### TO DO:
Omit all pictures, then print the entries exactly.

START INPUT

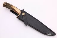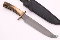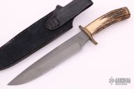 This custom fighter by John Greco features a grey coated blade with a false top edge, .240" blade stock, 1.475" blade depth, hidden tang construction. The handle has a brass guard and butt, stag grip and red/brass spacers. Nice feel in hand. Comes with black leather sheath. Has a couple marks on the blade, but they were there when he made it and before it was coated, otherwise excellent condition. #5 stamped on ricasso.
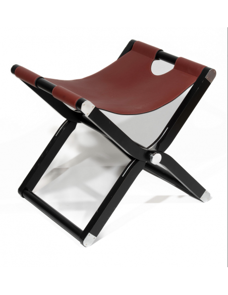 X shape in ebonized maple, chromed metal and red Clémence bull leather H.
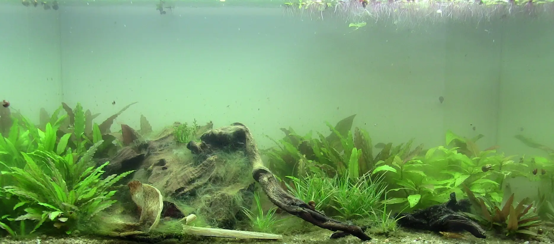 | 8 1.2026 | Motám řasy. Spousta dafnií. Krevetky ve stále stejném počtu. Zkusím se stavit na
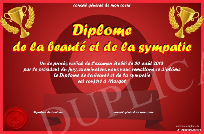 Envoyez par email votre Diplôme de la beauté et de la sympatie personalisé
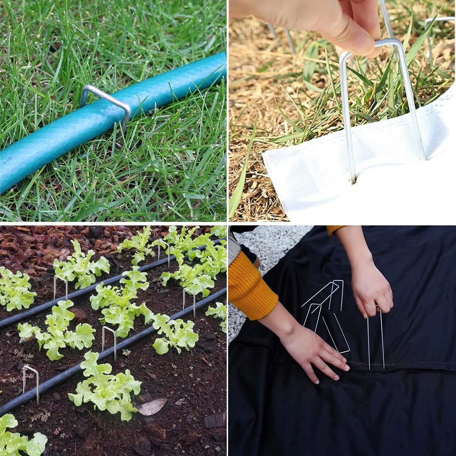 100/10pcs Metal Garden Stakes U-Shape Landscape Staple Ground Nail Fence Film Tents Securing Pegs Sod Pins Gardening Tools
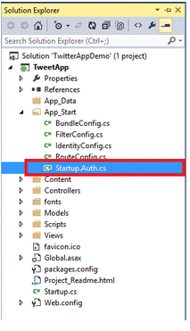 برای احراز هویت شخص ثالث، اول از همه نیاز به فعال سازی provider احراز هویت Twitter در کلاس Startup داریم. به پوشه App_Start پروژه خود رفته و فایل Startup.Auth.cs را انتخاب کنید:
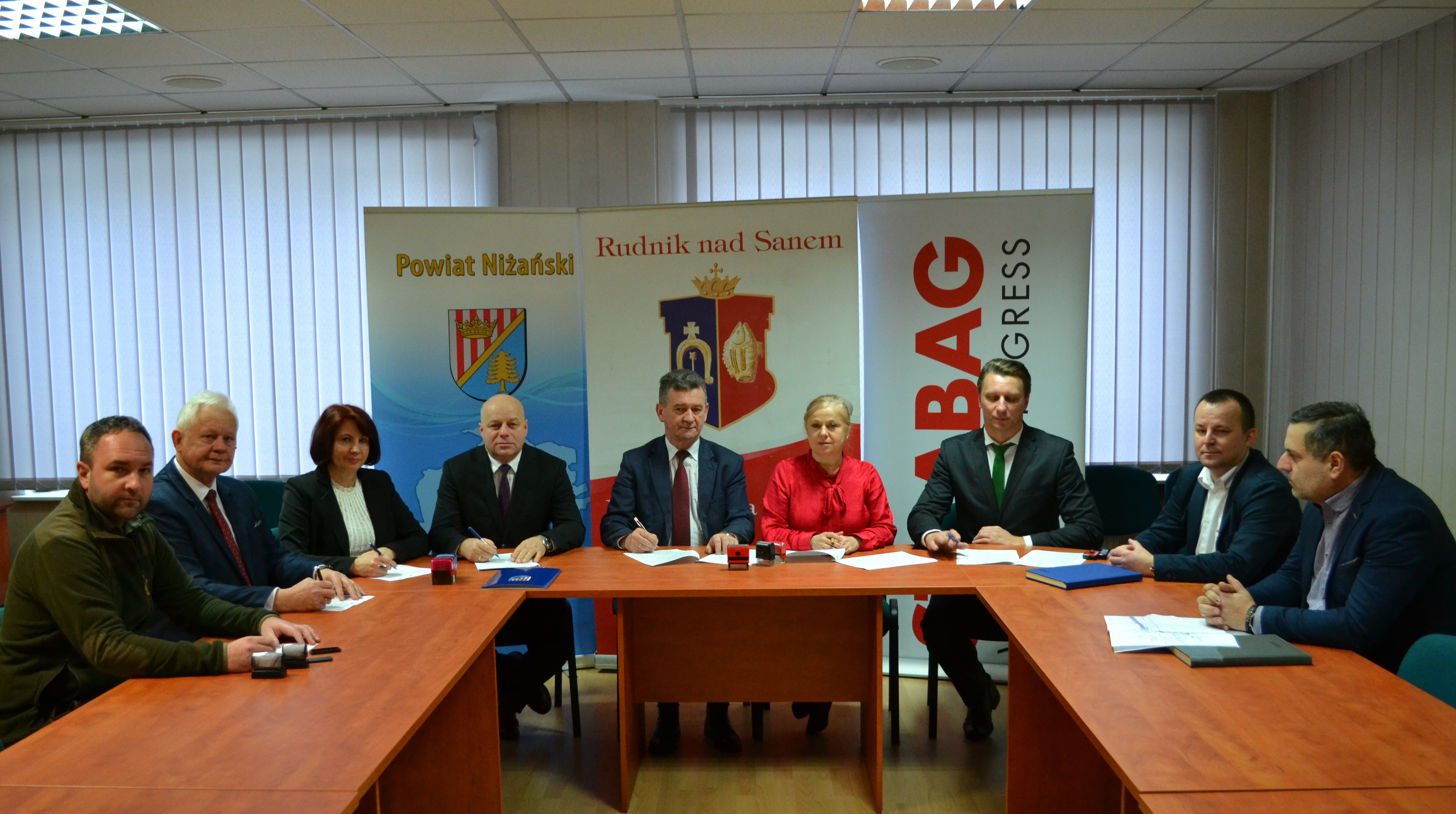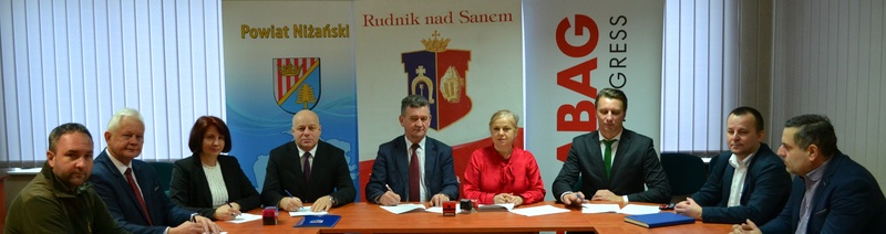 Zadanie będzie realizowane wspólnie na podstawie zawartego porozumienia, w którym Gmina i Miasto Rudnik nad Sanem pełni rolę Lidera, a Powiat Niżański jest Partnerem przedsięwzięcia. Przy podpisaniu umowy obecni byli: ze Strony Lidera: Burmistrz Gminy i Miasta Rudnik nad Sanem – Tadeusz Handziak, Zastępca Burmistrza – Dariusz Świta, Skarbnik Gminy – Grażyna Reichert, ze strony Partnera Projektu: Starosta Niżański – Robert Bednarz, Wicestarosta – Józef Sroka, Skarbnik Powiatu – Maria Bednarz, oraz Dyrektor Techniczny Oddziału Rzeszów firmy STRABAG Sp. z o.o. - Maciej Łukaszek.
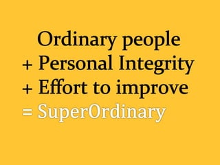 The document discusses how to become "superordinary" rather than extraordinary through integrity, intelligence, and energy. It argues one can be superordinary by asking forgiveness when lacking integrity, making personal commitments, and raising your own standards first. Several quotes are provided about the importance of integrity, forgiveness, commitments, and leading by example. The overall message is that strong yet ordinary leadership is achievable through maintaining integrity and inspiring others.
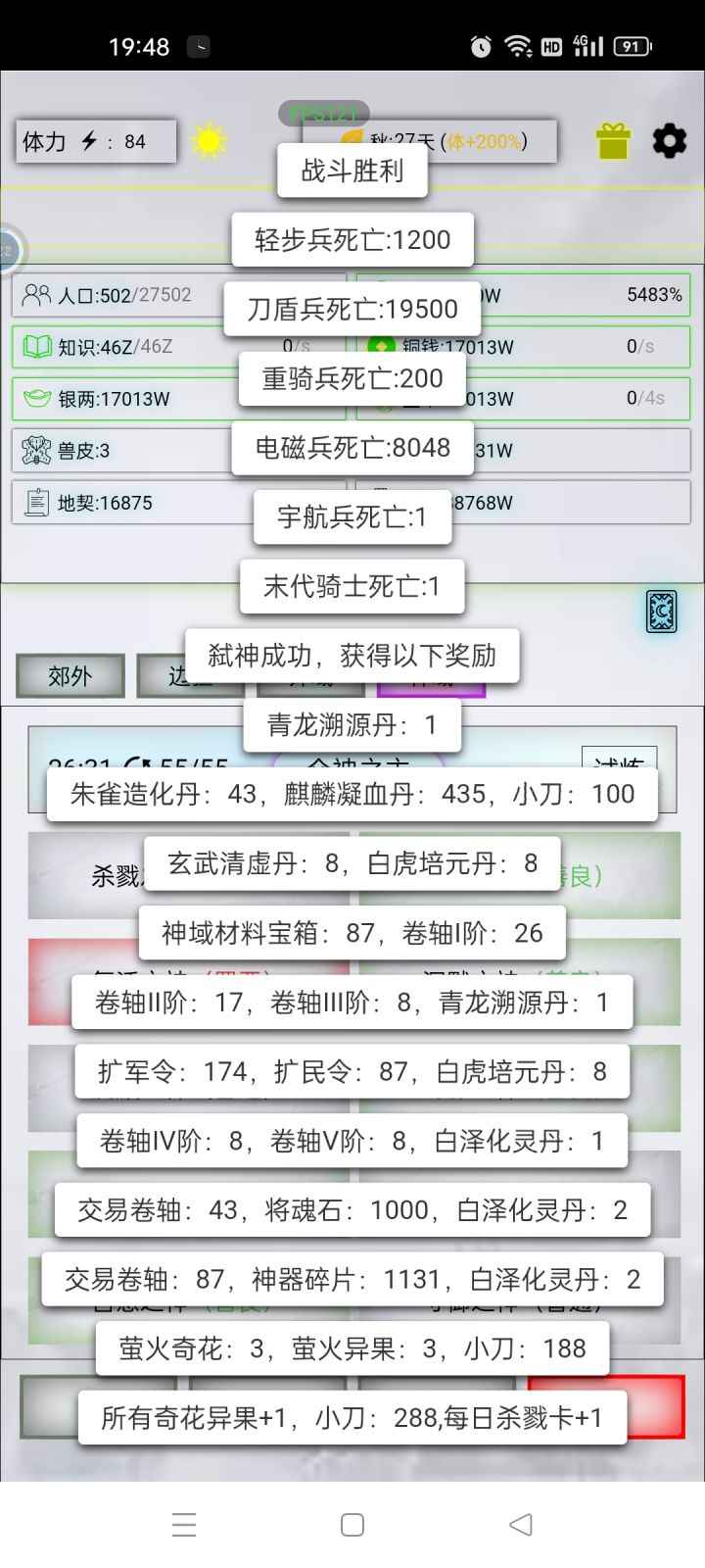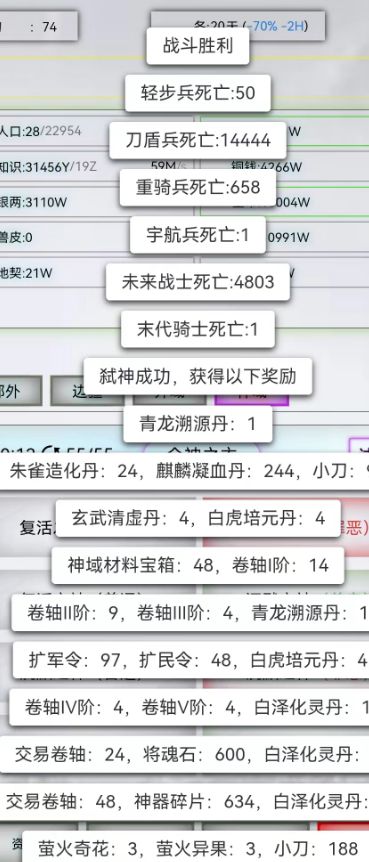 第一个:神的杀戮控制2000+有概率青龙丹第二个:我打神主力是电磁兵,长枪兵是垫刀的(大概是10:2比例减少电磁兵损耗)第三个:复活神是个坑,随机损耗率太大了,另外红守御有概率失败不知道是为什么第四个:我只打普(白)和恶(红)主要是控制杀戮增长率减少净化丹消耗量兵力配置:出战数量控制1999内(减少神体效果)精兵效果我在161末日骑士(神器)加点血和闪避-勋章没地方用300轻步兵(兽杀

END INPUT

### SOLUTION FOR THIS EXERCISE:
 This custom fighter by John Greco features a grey coated blade with a false top edge, .240" blade stock, 1.475" blade depth, hidden tang construction. The handle has a brass guard and butt, stag grip and red/brass spacers. Nice feel in hand. Comes with black leather sheath. Has a couple marks on the blade, but they were there when he made it and before it was coated, otherwise excellent condition. #5 stamped on ricasso.
 X shape in ebonized maple, chromed metal and red Clémence bull leather H.
 | 8 1.2026 | Motám řasy. Spousta dafnií. Krevetky ve stále stejném počtu. Zkusím se stavit na
 Envoyez par email votre Diplôme de la beauté et de la sympatie personalisé
 100/10pcs Metal Garden Stakes U-Shape Landscape Staple Ground Nail Fence Film Tents Securing Pegs Sod Pins Gardening Tools
 برای احراز هویت شخص ثالث، اول از همه نیاز به فعال سازی provider احراز هویت Twitter در کلاس Startup داریم. به پوشه App_Start پروژه خود رفته و فایل Startup.Auth.cs را انتخاب کنید:
 Zadanie będzie realizowane wspólnie na podstawie zawartego porozumienia, w którym Gmina i Miasto Rudnik nad Sanem pełni rolę Lidera, a Powiat Niżański jest Partnerem przedsięwzięcia. Przy podpisaniu umowy obecni byli: ze Strony Lidera: Burmistrz Gminy i Miasta Rudnik nad Sanem – Tadeusz Handziak, Zastępca Burmistrza – Dariusz Świta, Skarbnik Gminy – Grażyna Reichert, ze strony Partnera Projektu: Starosta Niżański – Robert Bednarz, Wicestarosta – Józef Sroka, Skarbnik Powiatu – Maria Bednarz, oraz Dyrektor Techniczny Oddziału Rzeszów firmy STRABAG Sp. z o.o. - Maciej Łukaszek.
 The document discusses how to become "superordinary" rather than extraordinary through integrity, intelligence, and energy. It argues one can be superordinary by asking forgiveness when lacking integrity, making personal commitments, and raising your own standards first. Several quotes are provided about the importance of integrity, forgiveness, commitments, and leading by example. The overall message is that strong yet ordinary leadership is achievable through maintaining integrity and inspiring others.
 第一个:神的杀戮控制2000+有概率青龙丹第二个:我打神主力是电磁兵,长枪兵是垫刀的(大概是10:2比例减少电磁兵损耗)第三个:复活神是个坑,随机损耗率太大了,另外红守御有概率失败不知道是为什么第四个:我只打普(白)和恶(红)主要是控制杀戮增长率减少净化丹消耗量兵力配置:出战数量控制1999内(减少神体效果)精兵效果我在161末日骑士(神器)加点血和闪避-勋章没地方用300轻步兵(兽杀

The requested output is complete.